- **Stored data**:
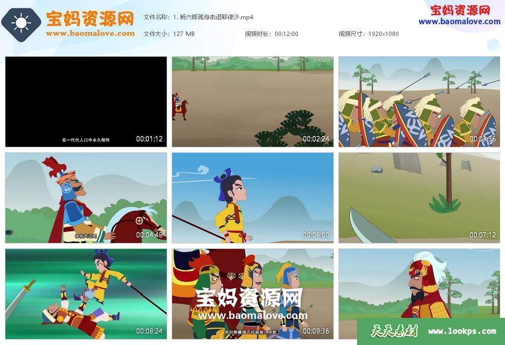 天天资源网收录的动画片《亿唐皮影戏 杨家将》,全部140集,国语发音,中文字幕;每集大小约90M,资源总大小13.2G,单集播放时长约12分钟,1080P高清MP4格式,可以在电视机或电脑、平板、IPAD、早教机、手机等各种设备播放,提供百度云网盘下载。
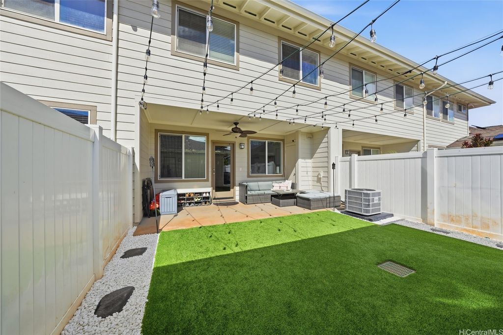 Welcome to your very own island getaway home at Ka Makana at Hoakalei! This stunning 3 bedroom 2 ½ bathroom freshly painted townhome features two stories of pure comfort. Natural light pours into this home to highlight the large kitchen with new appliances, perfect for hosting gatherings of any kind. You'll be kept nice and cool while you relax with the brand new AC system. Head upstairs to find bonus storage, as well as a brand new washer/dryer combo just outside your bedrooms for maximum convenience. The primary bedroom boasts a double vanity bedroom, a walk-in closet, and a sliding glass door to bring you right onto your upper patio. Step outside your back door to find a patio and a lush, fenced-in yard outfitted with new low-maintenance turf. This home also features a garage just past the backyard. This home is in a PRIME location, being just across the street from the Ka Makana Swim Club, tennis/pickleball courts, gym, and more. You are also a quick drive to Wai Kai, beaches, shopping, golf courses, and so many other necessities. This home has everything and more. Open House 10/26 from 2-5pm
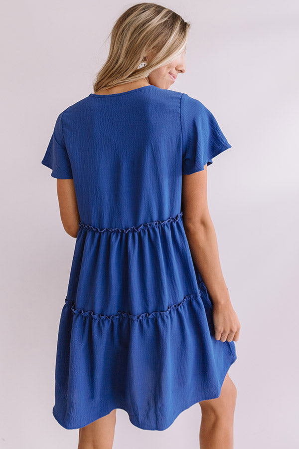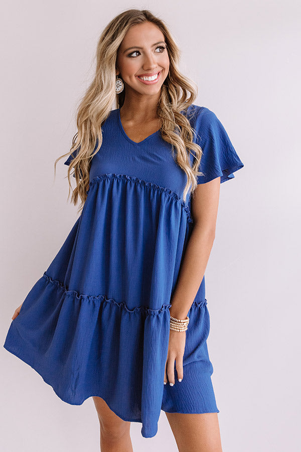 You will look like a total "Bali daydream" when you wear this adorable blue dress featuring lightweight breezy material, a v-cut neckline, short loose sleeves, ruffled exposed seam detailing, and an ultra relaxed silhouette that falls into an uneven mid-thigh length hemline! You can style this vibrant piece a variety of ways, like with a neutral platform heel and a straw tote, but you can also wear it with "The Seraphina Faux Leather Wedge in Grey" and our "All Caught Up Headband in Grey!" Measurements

- **Problem description**:
The material above should be repeated word for word, with every picture omitted.

- **Task answer**:
 天天资源网收录的动画片《亿唐皮影戏 杨家将》,全部140集,国语发音,中文字幕;每集大小约90M,资源总大小13.2G,单集播放时长约12分钟,1080P高清MP4格式,可以在电视机或电脑、平板、IPAD、早教机、手机等各种设备播放,提供百度云网盘下载。
 Welcome to your very own island getaway home at Ka Makana at Hoakalei! This stunning 3 bedroom 2 ½ bathroom freshly painted townhome features two stories of pure comfort. Natural light pours into this home to highlight the large kitchen with new appliances, perfect for hosting gatherings of any kind. You'll be kept nice and cool while you relax with the brand new AC system. Head upstairs to find bonus storage, as well as a brand new washer/dryer combo just outside your bedrooms for maximum convenience. The primary bedroom boasts a double vanity bedroom, a walk-in closet, and a sliding glass door to bring you right onto your upper patio. Step outside your back door to find a patio and a lush, fenced-in yard outfitted with new low-maintenance turf. This home also features a garage just past the backyard. This home is in a PRIME location, being just across the street from the Ka Makana Swim Club, tennis/pickleball courts, gym, and more. You are also a quick drive to Wai Kai, beaches, shopping, golf courses, and so many other necessities. This home has everything and more. Open House 10/26 from 2-5pm
 You will look like a total "Bali daydream" when you wear this adorable blue dress featuring lightweight breezy material, a v-cut neckline, short loose sleeves, ruffled exposed seam detailing, and an ultra relaxed silhouette that falls into an uneven mid-thigh length hemline! You can style this vibrant piece a variety of ways, like with a neutral platform heel and a straw tote, but you can also wear it with "The Seraphina Faux Leather Wedge in Grey" and our "All Caught Up Headband in Grey!" Measurements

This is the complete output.